Thursday, December 12, 2013

Returning to Tulkarm

It was the fulfillment of a dream come true to once again return to Palestine and specifically to Tulkarm where I began my placement with EAPPI 3 years ago. This time I returned traveling with my husband, Obed, prior to our attendance at the SABEEL conference.

We traveled on the local bus from Jerusalem to Ramallah, another bus to Nablus and another bus to Tulkarm. Even though we had given our friend Sadi an approximate arrival time, we knew it would be dependent upon how long it would take to get through the checkpoints. Once I saw the first checkpoint tower, a flood of memories returned. Restricted movement was my thought as I braced for the bus to be stopped and the IDF to come on board with their AK-47s.

The Palestinian people are very familiar with this inconvenient and scrutinizing effort on the part of Israel's military to control their lives. It comes in the form of disrespect and intimidation. The Wall was very visible as well as we continued our journey. The Wall is an apartheid system built by Israel because of their belief that separation will increase the security of the Israel population. This isn't just a simple structure but rather a 30 foot high chunk of concrete winding its way inside the green line on precious Palestinian farmland.
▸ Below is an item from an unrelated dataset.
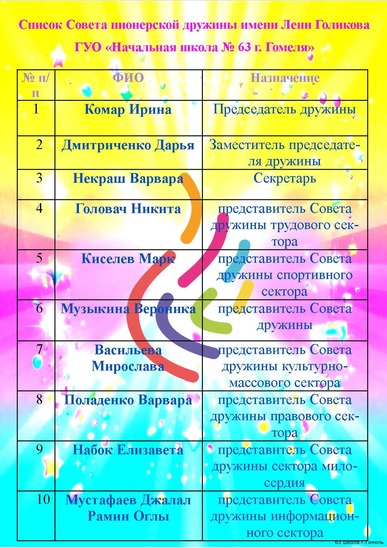 Сегодня в торжественной обстановке пионерская дружина им. Л. Голикова ГУО "Начальная школа №63 г. Гомеля" пополнилась активными, смелыми, находчивыми и ответственными мальчиками и девочками, которые теперь будут гордо зваться пионер!

The 3rd realization was the rapidly expanding settlement system built illegally and in violation of International Law on Palestinian land. Along with the growth of settlements has come a total guaranteed infrastructure for the Settlers, roads only for settlers, guaranteed security from the IDF, guaranteed water source coming from Palestinian aquifers, etc. The settlements are expanding at such a fast rate and in doing so they gobble up Bedouin communities, olive groves and Palestinian communities.

Since tourists rarely come to town, we were obviously outsiders. But as we stepped off the bus we were met by smiles and greetings. A coffee merchant on the corner recognized me and said "It is good to see you again. Most everyone we met said: "you are welcome." Sadi and Dalbah soon found us and the rest of our visit was spent renewing friendships and engaging in significant conversations.

The two men were very important contacts for our EA team 38 of EAPPI and they continue to be community leaders who are very engaged in non-violent resistance to the Occupation. Since there are no tourist accomodations in Tulkarm we were graciously housed and fed by our friends and their families. It was so enjoyable to share a meal of exquisite Palestinian cuisine while visiting with Sadi, Dalbah and their families. Rather than focusing on how they have suffered through the continuing years of Occupation, they shared their hope of the future of Palestine.